_EXERCISE_
Your task is to restate the listing word for word without the pictures.

_SUPPLIED MATERIAL_
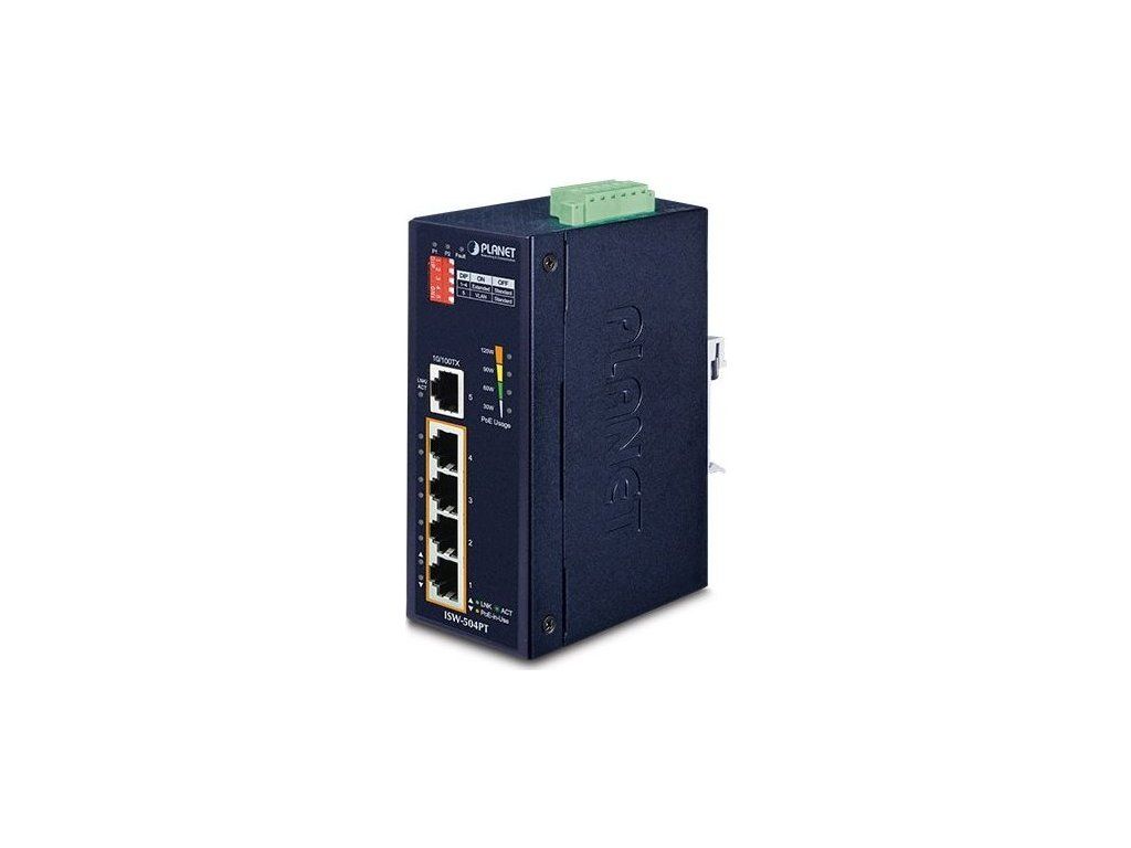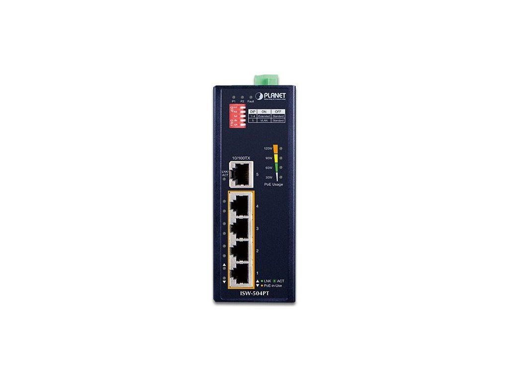 PLANET ISW-504PT v3Průmyslový přepínač PoE+ (802.3af/at), 4x RJ-45 port 10/100 Base-TX s PoE+ injektory (až 36 W/port), 1x RJ-45 10/100 Base-TX (bez PoE), celkový výkon 120 W (při napájení DC 48 V).
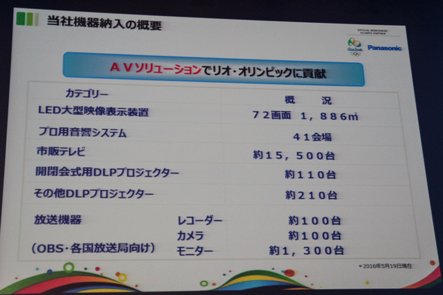 HOME > ニュース > AV&ホームシアターニュース リオ五輪での展開を紹介するプレスセミナーを開催 パナソニック、リオ五輪に過去最大規模のAVソリューション/放送機器を納入 編集部:小澤貴信 2016年05月19日 前の写真へ 次の写真へ パナソニックがオリンピックに納入するAVソリューション一覧 前の写真へ 次の写真へ この写真の記事へ 関連リンク リオ五輪におけるAV機器ソリューション納入についてのプレスリリース リオ五輪に向けたマーケティング展開についてのプレスリリース パナソニック
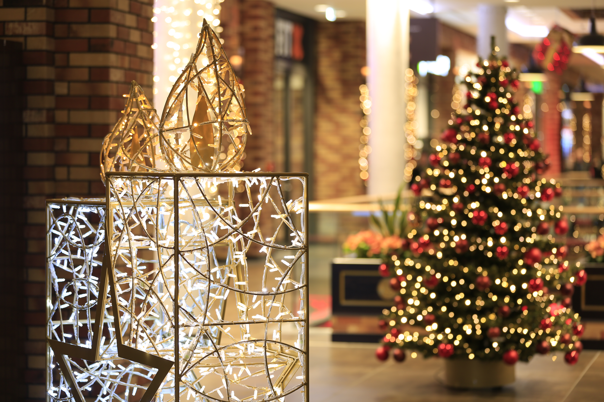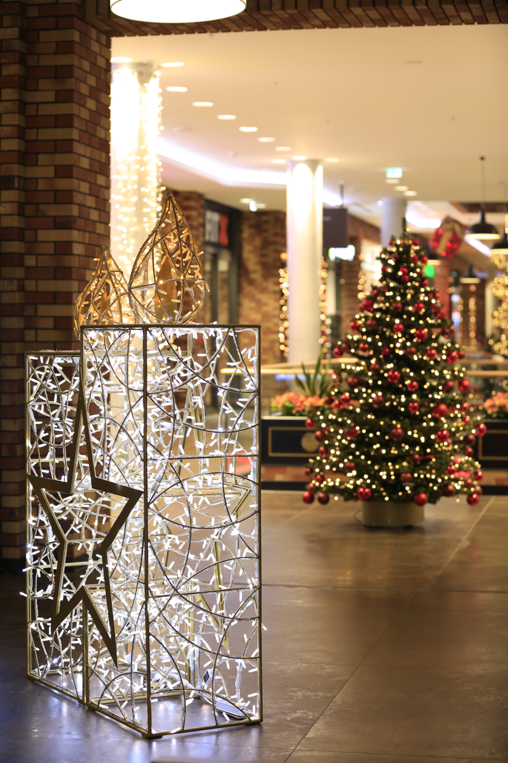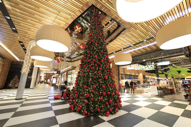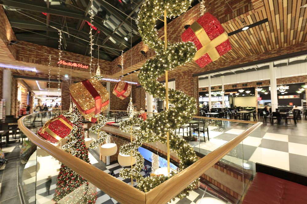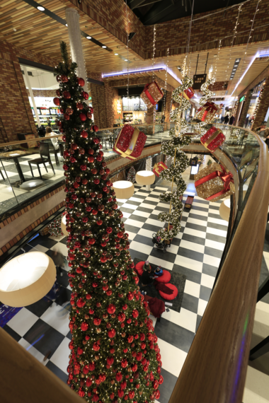 MK Illumination's Organic range of 3D gift-wrapped light designs complemented the rustic design elements of the mall, while the façade lighting welcomed pedestrians and motorists alike. The festive spirit continued outside in one of the centre's plazas. A giant Christmas tree, glittering in gold and red, added to the festive atmosphere.
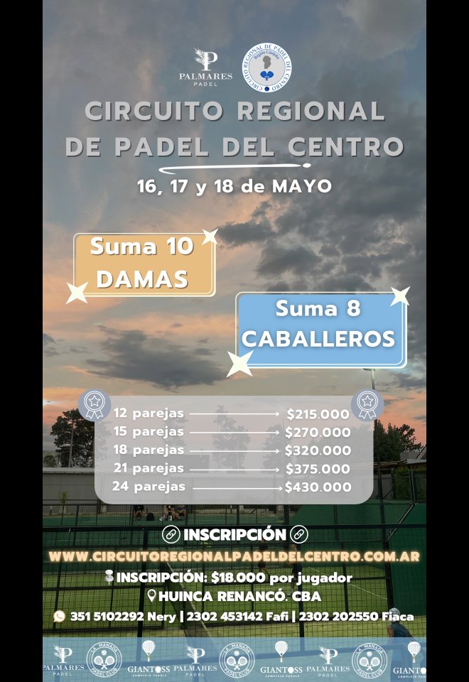 »» Evento: SUMA 8 CAB. / SUMA 10 DAMAS - PALMARES PADEL »» Localidad: Huinca Renancó »» Fechas: 16/05/2025 al 18/05/2025

_SOLVED PROBLEM_
 PLANET ISW-504PT v3Průmyslový přepínač PoE+ (802.3af/at), 4x RJ-45 port 10/100 Base-TX s PoE+ injektory (až 36 W/port), 1x RJ-45 10/100 Base-TX (bez PoE), celkový výkon 120 W (při napájení DC 48 V).
 HOME > ニュース > AV&ホームシアターニュース リオ五輪での展開を紹介するプレスセミナーを開催 パナソニック、リオ五輪に過去最大規模のAVソリューション/放送機器を納入 編集部:小澤貴信 2016年05月19日 前の写真へ 次の写真へ パナソニックがオリンピックに納入するAVソリューション一覧 前の写真へ 次の写真へ この写真の記事へ 関連リンク リオ五輪におけるAV機器ソリューション納入についてのプレスリリース リオ五輪に向けたマーケティング展開についてのプレスリリース パナソニック
 MK Illumination's Organic range of 3D gift-wrapped light designs complemented the rustic design elements of the mall, while the façade lighting welcomed pedestrians and motorists alike. The festive spirit continued outside in one of the centre's plazas. A giant Christmas tree, glittering in gold and red, added to the festive atmosphere.
 »» Evento: SUMA 8 CAB. / SUMA 10 DAMAS - PALMARES PADEL »» Localidad: Huinca Renancó »» Fechas: 16/05/2025 al 18/05/2025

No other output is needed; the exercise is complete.